5 Prime Aesthetics For Your eLearning Course Design
This is how you increase the value of your eLearning course design
For those of us who spend time online all the time, looks matter. Back in the day cartoons were meant for young children, so they were filled with simple shapes and bright colors. As we age, our tastes can develop into more sophisticated images. However, the same rule applies, we rely heavily on aesthetics to create an emotional connection and create meaning. Captivating visuals, animated sequences and simulated play are key elements of eLearning courses. How do we keep the balance between playful, entertaining elements and effective educational activities? Here are 5 aesthetics to leave out of your eLearning course design to add value.
1. Artistic but unclear buttons in your course design
One of the first things to consider when re-evaluating eLearning aesthetics is buttons and dials. Pretty buttons grab attention, so they’re the first things employees focus on. There are three aspects to consider. A heat map and training data can help you identify what learners are most focused on. Use colorful buttons to move your eyes to another part of the screen. Second, you can hide important buttons in the parts of the page that employees are already heading to.

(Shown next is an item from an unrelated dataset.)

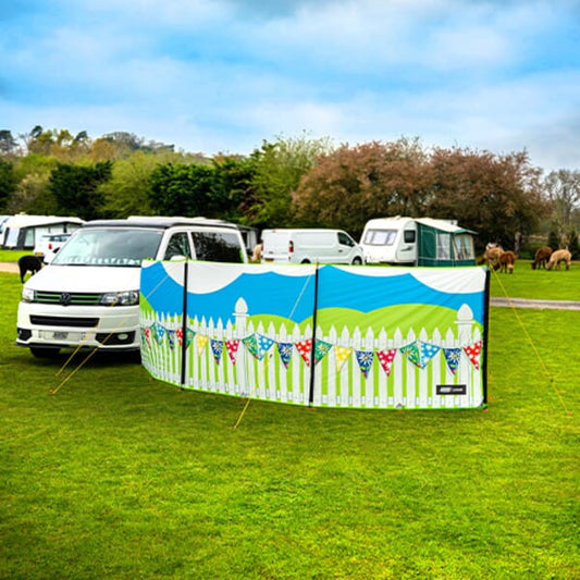 "SUMMER DAYS" 3-PANEL WINDBREAK - STEEL POLES & PEGS - 500X140CM

Third, you can make the buttons clear and easy to use by yourself. Because if they’re bright and pretty, but it’s not clear what exactly the buttons do, they’re wasting learner’s time. You can also interrupt the employee’s concentration while trying to figure out what the button is doing. Worse still, they may feel discouraged by their confusion, doubt their ability to learn, and develop negative attitudes towards their eLearning course design. This can lead to disinterest and dropouts.

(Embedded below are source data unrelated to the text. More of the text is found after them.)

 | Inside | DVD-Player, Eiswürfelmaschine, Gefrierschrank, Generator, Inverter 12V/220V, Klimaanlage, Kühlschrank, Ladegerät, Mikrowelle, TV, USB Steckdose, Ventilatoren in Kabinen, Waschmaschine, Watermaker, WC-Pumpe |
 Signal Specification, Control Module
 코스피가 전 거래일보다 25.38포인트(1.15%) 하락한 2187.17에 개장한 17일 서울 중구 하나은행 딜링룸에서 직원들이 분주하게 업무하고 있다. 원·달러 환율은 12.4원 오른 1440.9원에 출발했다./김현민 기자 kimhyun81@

2. Nice but irrelevant pictures
We’ve all heard that a picture is worth a thousand words, but we don’t always think about what exactly those words are. In the online training section, we also hear advice on minimizing text and replacing it with infographics and emotional visuals. However, images attract attention. So if they’re not directly connected to study materials, they can be distracting. Use images liberally but make them functional. Every image in the design of your eLearning course must justify its existence. Delete them just as ruthlessly as you edit your words. Use the telegram principle. Decades ago, before email, cell phone or even SMS, telegrams were used for urgent communication. They were calculated per word so people got really good at narrowing down their words while maintaining understanding. Apply this succinct communication structure to both your word count and your image usage. It helps learners to be attentive as it condenses the content while prioritizing understanding.
3. Stimulating but heavy sequences
In addition to relevance, you also need to consider bandwidth. To keep your eLearning course design engaging, you will likely want to use large, sharp, high-resolution images. Your audio and video clips should also be clear, so you are likely to be uploading the highest quality available. The problem is… high definition audio and high-pixel visuals are difficult. They cause your websites and apps to load more slowly, which could tire employees. They can navigate away or get distracted while they wait. And once their attention shifts, it can be difficult to get them back. You can solve this with less detailed pictures. Fewer visuals and sparse photo composition mean that if you lower the resolution, your image will not be functionally affected. Also, an infographic summary contains more information than multiple independent images. So consider using more of it.
4. TMI graphs and charts
Typically, visual aids such as graphics and diagrams are great for breaking down complex ideas into more manageable bits of data. However, you can also have too much of a good thing. For example, graphs that have so many statistics and lines in them that learners don’t know where to start. Or they are unable to see the relationship between the concepts. Keep things simple and break down more complicated topics into different visual aids. You can also color-code certain elements or insert a key to aid understanding.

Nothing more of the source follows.